As a designer, you’ve probably come across those Pinterest inspirational websites (some of them not built in Squarespace) that involve gorgeous split layouts – or half and half layouts – where you have half of your screen with an image that bleeds all the way to the edge of your website, and the other half with a colored background and content.

If that’s your case, you may want to know how to work with that sort of layout in your client sites.

And that’s exactly what we’ll be looking at today!

I want to share with you the quickest way to achieve a split layout in Squarespace.

To do this, you’ll need to be working with a template that allows for Index Galleries in packed or split mode (any template from the Brine family will work).

I already have an index page created with a couple of sections, so let’s jump right into our split area!

Creating a split layout in Squarespace

First, we’re going to be adding a Gallery Page inside our index as usual and uploading 2 images:

  • The image or picture we want to showcase to accompany our content.

  • A solid-colored image that may or may not match the color of the site’s background.

I’m working with an image from the new Unsplash image finder (I just searched for “sea”), and a completely white square image to match the site’s background.

3. Preview images.png

As you can see, if I hover over the gallery you’ll notice both images are side by side by default on this template, and also have some spacing around it.

But before we move onto styling them, I want to add some text to the white image.

I’ll just include a title, a short description and a link:

4. Add text to the colored background.png

Perfect, now let’s move onto our Style Editor or Site Styles and finish our design!

The first thing we can do here is arrange the image layout.

Currently it’s set to “packed” but I’ll be changing that to “split”. Also, I don’t want any spacing around my images so they expand to the edges of my site, so I’ll set the spacing to 0:

5. Change layout and spacing if you want.png

We can’t see the text right now because it seems the default color is white, let’s edit that so we can see what we’re doing:

6. Change font color.png

Alright, now how about we set the font styles to match the rest of the site?

7. Tweak fonts to match your site.png

Awesome! Last but not least, I want to move the content to the dead center.

I’ll set the content position to Middle Center, and set the maximum width for the content to 80%:

8. Choose content position.png

We’re done!!

The beauty of using the native gallery page to create our split layout is that it’s fully responsive by default! So there’s no need to tweak the mobile design.
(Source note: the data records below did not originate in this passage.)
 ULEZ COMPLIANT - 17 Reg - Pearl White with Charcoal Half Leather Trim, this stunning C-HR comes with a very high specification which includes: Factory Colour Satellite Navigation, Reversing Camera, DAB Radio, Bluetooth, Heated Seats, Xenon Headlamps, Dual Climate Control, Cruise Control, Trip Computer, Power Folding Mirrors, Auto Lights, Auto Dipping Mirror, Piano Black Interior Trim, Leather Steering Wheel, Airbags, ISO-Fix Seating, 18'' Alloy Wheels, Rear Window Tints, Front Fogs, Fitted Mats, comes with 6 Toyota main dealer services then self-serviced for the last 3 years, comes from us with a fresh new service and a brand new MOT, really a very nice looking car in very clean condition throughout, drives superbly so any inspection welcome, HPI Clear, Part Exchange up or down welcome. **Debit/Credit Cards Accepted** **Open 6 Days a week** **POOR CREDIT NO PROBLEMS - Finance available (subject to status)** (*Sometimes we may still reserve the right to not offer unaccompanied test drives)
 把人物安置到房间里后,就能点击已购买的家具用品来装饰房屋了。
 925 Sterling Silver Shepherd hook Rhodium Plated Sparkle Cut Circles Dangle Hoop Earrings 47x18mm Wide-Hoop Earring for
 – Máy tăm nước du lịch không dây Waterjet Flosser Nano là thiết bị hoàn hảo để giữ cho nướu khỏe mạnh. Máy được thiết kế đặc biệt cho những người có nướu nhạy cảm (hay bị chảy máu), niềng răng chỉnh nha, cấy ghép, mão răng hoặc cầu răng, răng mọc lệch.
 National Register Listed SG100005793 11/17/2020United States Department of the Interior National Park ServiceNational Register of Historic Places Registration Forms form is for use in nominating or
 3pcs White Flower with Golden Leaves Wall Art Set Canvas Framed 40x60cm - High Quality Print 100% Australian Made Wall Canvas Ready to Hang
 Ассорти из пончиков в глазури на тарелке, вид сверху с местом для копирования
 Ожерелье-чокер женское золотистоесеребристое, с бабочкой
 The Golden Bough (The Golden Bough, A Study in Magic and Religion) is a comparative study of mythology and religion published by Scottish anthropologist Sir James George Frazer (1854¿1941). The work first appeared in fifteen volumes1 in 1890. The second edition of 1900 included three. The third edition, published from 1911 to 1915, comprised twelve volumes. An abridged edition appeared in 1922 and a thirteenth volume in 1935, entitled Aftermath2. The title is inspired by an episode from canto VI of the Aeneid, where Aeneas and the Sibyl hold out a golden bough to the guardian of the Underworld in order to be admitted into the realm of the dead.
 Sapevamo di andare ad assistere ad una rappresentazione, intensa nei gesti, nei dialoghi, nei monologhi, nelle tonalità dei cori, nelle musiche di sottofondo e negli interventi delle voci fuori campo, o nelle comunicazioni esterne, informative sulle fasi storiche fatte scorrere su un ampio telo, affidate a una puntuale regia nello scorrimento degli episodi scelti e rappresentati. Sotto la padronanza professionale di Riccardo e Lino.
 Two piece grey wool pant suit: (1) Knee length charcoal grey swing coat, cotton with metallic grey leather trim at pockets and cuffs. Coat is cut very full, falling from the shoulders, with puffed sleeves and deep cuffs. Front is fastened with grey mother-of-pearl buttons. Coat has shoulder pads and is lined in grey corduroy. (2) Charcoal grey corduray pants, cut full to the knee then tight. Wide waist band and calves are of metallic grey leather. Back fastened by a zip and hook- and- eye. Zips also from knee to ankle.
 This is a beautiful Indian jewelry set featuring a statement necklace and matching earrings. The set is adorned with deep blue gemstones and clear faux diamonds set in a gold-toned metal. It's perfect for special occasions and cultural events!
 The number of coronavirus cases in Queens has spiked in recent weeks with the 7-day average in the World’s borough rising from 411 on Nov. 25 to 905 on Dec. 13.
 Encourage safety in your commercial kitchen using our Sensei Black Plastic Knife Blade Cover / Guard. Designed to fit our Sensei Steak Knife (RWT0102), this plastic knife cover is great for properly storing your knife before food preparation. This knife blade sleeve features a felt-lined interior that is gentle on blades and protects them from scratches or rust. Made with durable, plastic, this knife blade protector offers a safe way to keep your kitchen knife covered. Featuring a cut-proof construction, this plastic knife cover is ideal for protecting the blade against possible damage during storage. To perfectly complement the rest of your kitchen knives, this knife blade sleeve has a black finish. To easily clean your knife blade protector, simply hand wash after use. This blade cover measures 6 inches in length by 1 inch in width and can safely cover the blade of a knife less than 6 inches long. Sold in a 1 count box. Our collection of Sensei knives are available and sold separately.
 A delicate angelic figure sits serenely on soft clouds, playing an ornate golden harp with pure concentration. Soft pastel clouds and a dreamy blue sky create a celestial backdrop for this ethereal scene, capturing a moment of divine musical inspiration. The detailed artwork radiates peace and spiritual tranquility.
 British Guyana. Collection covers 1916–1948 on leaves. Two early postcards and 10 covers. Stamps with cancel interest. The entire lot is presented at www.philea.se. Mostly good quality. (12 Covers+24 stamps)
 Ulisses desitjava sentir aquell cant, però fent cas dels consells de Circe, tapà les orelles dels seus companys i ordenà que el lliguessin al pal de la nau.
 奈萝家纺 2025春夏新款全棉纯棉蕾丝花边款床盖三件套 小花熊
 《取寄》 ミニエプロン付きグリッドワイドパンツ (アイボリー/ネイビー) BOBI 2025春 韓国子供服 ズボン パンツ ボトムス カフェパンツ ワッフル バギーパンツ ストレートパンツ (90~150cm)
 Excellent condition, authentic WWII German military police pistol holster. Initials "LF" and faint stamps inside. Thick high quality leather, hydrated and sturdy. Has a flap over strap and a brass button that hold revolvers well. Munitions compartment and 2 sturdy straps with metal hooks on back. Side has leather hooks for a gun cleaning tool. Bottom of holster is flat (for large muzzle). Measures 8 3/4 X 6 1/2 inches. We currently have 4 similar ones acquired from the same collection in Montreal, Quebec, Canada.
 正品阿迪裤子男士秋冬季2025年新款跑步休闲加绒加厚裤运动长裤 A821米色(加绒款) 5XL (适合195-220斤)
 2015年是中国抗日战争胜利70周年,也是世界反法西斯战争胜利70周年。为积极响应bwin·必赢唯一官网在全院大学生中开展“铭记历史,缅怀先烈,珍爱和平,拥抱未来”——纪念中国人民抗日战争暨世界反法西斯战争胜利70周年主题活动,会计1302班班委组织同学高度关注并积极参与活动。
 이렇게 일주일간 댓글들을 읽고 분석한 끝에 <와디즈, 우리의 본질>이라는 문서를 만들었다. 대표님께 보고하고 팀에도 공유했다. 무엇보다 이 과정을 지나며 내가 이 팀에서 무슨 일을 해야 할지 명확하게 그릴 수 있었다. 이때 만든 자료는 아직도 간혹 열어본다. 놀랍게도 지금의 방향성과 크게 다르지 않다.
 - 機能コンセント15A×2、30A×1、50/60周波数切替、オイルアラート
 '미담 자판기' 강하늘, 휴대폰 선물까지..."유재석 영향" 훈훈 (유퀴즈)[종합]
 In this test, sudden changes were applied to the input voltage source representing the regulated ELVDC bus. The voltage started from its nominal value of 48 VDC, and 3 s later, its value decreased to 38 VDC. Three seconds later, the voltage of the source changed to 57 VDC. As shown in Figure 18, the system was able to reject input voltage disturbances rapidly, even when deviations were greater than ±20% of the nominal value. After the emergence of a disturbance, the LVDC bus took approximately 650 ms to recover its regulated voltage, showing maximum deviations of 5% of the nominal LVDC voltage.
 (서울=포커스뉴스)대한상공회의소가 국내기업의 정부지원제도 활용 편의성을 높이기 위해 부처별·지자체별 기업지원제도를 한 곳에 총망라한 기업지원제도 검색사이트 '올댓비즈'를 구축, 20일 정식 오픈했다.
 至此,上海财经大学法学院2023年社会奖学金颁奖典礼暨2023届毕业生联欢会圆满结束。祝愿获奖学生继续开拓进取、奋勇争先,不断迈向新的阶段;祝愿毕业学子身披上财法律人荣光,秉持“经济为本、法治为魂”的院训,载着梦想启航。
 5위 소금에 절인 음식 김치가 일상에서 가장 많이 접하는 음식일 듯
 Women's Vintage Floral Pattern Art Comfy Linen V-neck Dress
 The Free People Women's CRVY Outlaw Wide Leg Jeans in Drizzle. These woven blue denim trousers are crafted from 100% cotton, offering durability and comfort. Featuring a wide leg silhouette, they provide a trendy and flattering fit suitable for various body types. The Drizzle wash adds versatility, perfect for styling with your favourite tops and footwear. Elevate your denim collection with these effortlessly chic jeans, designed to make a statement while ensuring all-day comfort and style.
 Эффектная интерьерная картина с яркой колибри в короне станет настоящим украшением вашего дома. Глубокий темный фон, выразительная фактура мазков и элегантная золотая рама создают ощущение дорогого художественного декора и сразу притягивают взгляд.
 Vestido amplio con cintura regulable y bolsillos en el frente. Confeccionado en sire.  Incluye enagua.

Here’s what it looks like in desktop, tablet and phone screens:

9. Full screen result.png
10. Tablet result.png
11. Phone result.png

Additional tweaks

Once you have the layout in place, you can play around with the style of the content even more!

You could make the link differentiate more from the description by making it bolder and adding a unicode arrow:

12. Add unicode symbols to the link and make it bold.png

And you could also switch up the colored side for something that stands out from your site’s background:

13. Result with color background.png

You can even stack more than one split row! Simply add more images to your gallery or create a separate gallery page. Whatever works best for you!

Split layout Squarespace.gif

That’s it!

Limitations of this approach

While it’s super easy to work with the native options Squarespace offers, this may not be flexible enough if:

  • You’re trying to add blocks instead of pure text to the content area of your split layout.

  • If you want to maintain the parallax effect you have on the rest of the site in these images.

  • If you are using or want to use an index gallery elsewhere on your site with a different layout.

In these cases, custom code can help you achieve your vision.

The good news is that, depending on the ambitiousness of your design, you may only need a few lines of code to make it happen!

And the even better news is that there’s a training that guides you through the step-by-step to get there!

If you have a basic understanding of code and are interested in learning how to create more flexible split layouts on your client sites, make sure to check out the Sticky Images Training! ☟

 

Until next time,

B.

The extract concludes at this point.